Chapter 16
Dante
Silence.
Not peace. Not calm.
Just the kind of silence that comes after a storm has ripped the roof clean off your life.
Luka’s blood runs into my wife’s veins now.
Her body’s so still it doesn’t seem real, not even as the monitor beeps quietly beside her.
The doctor stitched her arm. Her forehead too. I watched every pass of the needle like it was going through my own fucking skin.
Everyone’s gone now. I made sure of it the moment she was stable.
Didn’t matter if they were her blood, her brothers, her father, her so called family.
She needs quiet. Peace.
Nothing else.
I even sent Mattia to bed.
It’s morning now, but the boy hasn’t closed his eyes since the moment I found her on the bathroom floor, unconscious, covered in blood.
He heard the commotion, of course. He was tested just like the rest of us, to see if he could be a match.
But I wouldn’t allow him in the room. Not while she was still bleeding. Not while she looked like that.
He’s witnessed far too much already.
Later, once the doctor had finally closed her wounds and I’d finished wiping the blood from her skin, he entered, quiet, composed in that way only he can be, and took his usual seat, silently watching her.
There was a quiet devastation in his eyes, worn and heavy with worry. This has taken its toll on him too.
When he began to yawn, I told him she would want him to rest, that when she wakes, he should be able to greet her with a smile.
He didn’t protest. That alone speaks volumes. He’s utterly spent.
Leonardo took Luka back to the east wing, and locked the door. I still don’t know what the fuck I’m going to do with that boy. The Albanians want him back. There’s pressure from every side to hand him over.
But I can’t think clearly.
And this, this is precisely why I never believed in relationships.
I used to watch men take wives, have children, and wonder how the fuck they thought they could survive in our world burdened with that kind of weakness.
A wife? A child? One misstep, one lapse in judgement, and they’re both gone. You don’t think rationally with something that precious on the line. You can’t.
I used to think those men were fools, reckless, pathetic, soft. And maybe they were. Still are.
But then I met her.
And now I don’t give a fuck. I’ve become just as compromised, just as fucking blind. A liability, tethered to the one person who could ruin me.
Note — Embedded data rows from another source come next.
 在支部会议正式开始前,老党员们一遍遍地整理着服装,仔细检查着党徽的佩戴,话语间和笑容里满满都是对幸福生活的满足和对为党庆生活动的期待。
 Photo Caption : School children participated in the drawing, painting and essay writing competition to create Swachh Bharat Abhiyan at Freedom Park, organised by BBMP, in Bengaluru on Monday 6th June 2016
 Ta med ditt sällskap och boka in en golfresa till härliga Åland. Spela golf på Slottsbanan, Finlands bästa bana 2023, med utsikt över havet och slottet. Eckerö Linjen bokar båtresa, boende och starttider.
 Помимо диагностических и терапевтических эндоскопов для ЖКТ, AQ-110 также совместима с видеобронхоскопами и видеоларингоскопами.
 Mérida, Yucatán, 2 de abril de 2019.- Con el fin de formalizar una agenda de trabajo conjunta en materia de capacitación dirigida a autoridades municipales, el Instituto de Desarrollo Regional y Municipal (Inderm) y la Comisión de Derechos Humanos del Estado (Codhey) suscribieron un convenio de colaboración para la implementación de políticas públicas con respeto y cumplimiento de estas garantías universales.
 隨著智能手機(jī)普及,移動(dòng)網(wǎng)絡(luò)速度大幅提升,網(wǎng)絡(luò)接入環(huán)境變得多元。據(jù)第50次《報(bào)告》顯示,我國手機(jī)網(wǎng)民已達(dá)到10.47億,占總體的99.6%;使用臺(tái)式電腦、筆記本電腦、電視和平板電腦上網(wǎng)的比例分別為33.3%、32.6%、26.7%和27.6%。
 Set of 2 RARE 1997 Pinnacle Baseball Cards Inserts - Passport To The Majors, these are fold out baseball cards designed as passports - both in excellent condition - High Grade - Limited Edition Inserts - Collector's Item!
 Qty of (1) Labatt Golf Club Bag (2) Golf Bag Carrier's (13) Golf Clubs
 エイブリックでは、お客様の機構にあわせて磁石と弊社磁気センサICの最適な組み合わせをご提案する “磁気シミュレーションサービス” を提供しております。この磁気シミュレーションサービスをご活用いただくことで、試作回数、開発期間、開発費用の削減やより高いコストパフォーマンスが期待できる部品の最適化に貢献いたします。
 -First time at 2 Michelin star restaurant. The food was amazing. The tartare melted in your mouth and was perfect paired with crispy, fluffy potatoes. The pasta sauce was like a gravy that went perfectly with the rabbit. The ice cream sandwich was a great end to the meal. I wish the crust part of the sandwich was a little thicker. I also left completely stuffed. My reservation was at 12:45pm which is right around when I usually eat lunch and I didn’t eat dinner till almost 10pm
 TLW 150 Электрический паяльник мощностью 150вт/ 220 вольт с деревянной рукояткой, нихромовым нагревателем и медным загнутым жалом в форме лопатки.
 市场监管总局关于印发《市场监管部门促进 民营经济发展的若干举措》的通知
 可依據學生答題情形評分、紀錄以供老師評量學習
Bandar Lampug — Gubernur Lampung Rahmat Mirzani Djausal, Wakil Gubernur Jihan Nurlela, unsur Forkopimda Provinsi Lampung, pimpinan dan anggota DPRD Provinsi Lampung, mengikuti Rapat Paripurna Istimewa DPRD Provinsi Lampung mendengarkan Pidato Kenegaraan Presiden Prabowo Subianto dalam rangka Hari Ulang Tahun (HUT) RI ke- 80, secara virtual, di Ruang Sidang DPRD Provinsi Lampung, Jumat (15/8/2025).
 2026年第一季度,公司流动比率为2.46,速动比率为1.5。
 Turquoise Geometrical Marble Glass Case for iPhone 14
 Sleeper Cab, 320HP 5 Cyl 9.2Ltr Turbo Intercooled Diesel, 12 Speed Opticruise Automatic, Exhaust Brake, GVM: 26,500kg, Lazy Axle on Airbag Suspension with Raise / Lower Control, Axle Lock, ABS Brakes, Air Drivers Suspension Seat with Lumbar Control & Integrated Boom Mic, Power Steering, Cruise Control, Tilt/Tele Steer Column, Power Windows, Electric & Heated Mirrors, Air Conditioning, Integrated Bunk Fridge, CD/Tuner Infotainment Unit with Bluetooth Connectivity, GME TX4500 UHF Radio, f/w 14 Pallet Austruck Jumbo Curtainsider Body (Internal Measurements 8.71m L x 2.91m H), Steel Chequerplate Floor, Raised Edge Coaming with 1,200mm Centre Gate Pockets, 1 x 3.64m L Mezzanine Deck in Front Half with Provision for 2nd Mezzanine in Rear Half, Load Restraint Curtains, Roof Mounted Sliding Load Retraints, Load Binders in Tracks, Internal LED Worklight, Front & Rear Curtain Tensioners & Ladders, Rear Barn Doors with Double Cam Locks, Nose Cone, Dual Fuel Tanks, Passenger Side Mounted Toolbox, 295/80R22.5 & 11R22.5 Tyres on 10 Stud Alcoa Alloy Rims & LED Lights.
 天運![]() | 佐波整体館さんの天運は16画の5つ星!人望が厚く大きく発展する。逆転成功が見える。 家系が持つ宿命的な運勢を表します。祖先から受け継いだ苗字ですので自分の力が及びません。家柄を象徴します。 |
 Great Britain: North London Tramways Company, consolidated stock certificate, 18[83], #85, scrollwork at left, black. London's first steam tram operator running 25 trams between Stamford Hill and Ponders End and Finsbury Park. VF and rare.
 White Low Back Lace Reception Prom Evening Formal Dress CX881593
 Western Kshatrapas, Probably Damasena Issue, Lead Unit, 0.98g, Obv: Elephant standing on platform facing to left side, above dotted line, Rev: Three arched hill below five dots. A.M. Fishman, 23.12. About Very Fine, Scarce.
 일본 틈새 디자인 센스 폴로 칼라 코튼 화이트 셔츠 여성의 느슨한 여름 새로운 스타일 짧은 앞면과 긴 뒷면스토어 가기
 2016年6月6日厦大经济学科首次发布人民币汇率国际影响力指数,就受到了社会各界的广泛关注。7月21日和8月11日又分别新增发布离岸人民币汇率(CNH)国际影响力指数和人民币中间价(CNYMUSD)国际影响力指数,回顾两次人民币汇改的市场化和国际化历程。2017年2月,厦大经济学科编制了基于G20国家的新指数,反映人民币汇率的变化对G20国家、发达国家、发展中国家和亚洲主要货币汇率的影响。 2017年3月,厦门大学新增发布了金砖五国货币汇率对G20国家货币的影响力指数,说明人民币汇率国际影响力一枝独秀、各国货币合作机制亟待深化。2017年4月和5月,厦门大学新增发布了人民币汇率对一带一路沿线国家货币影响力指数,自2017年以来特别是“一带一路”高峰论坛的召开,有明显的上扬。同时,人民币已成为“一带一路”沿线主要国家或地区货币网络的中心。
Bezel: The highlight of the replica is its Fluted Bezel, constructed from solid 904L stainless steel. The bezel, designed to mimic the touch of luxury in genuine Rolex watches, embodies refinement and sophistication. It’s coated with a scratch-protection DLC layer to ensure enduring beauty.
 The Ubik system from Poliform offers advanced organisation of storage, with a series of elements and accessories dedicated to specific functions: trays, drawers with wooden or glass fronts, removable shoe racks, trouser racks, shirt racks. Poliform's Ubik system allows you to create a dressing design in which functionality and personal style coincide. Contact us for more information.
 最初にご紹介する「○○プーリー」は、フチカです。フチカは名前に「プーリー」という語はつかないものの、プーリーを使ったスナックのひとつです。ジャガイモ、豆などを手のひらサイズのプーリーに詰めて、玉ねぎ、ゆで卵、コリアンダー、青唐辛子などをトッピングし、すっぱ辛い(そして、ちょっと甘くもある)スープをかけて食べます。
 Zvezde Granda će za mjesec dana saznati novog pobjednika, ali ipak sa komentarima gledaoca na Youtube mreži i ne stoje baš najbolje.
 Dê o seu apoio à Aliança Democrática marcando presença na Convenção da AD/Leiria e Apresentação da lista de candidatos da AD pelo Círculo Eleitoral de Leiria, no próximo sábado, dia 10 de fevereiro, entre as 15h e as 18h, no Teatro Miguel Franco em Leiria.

And yet, I wouldn’t trade a single second with Harlow for all the calculated detachment and flawless strategy in the world.
I’d sell my fucking soul if it meant she wakes up.
I sit in the armchair beside our bed, the one Mattia vacated, my fingers wrapped around her limp hand. Her skin’s still too pale, and her pulse is weak, but it’s there. I hold on to it like it’s the only thing anchoring me to this earth.
The smell of blood still lingers, metallic, heavy in the air. Bianca tried to come in to clean the room, but I didn’t let her.
I release Harlow’s hand, slowly, and rise to my feet. She looks so small lying there. Too still. Too silent.
Seeing her like this again—unconscious, broken, is unbearable.
My jaw tightens. My hands curl into fists.
I need to move. I need to do something. Anything.
I step into the bathroom. The pool of blood is still there, dark and thick against the white tile.
I grab a towel and drop to my knees.
Scrubbing.
Wiping.
I need something to fight. Some way to burn off the fury building in my chest.
I clean the trail back to the bed, wiping the floor like I’m erasing a fucking crime scene.
By the time I’m finished, I’m soaked in sweat. My temples are pounding. I need a shower.
I leave the bathroom door open so I’ll hear if Harlow stirs.
I catch my reflection in the fractured mirror above the sink. I look exactly how I feel, barely standing.
I rip the mirror off the wall, and set it down beside the bin. Carefully.
Then I start looking, in the drawers, cabinets, behind the toilet.
I find everything that could be a threat.
Razors. Glass. Sharp edges.
Even the nail scissors. I pile it all beside the mirror. Later, I’ll get rid of it. Burn it all if I have to.
Once I’m certain there’s nothing left in this room that could hurt my wife, I undress and step into the shower. The water pounds against my shoulders, cold and hard, but I barely register it.
I don’t linger.
I dry off quickly, pull on a plain grey set of pyjamas and a t-shirt.
There’s work waiting, calls to return, fires to put out, problems piling up like they always do. But Mario and Leonardo can handle it. There isn’t a force in this world that could pull me from her side now.
I walk back to the bed. Slide in beside her, careful not to disturb her IV line.
Sunlight pours through the curtains, casting soft gold over her face. She looks like a painting. Too beautiful.
I can’t stop looking at her. I count her breaths.
One. Two. Three.
Then I find her pulse again, my thumb pressed gently to the inside of her wrist.
I count that too.
Over and over.
There’s no way I’m sleeping.
Not today. Not this week.
Not until she opens her eyes and looks at me again.
I will watch over her.
I will chase away every last fucking demon that dares come near her.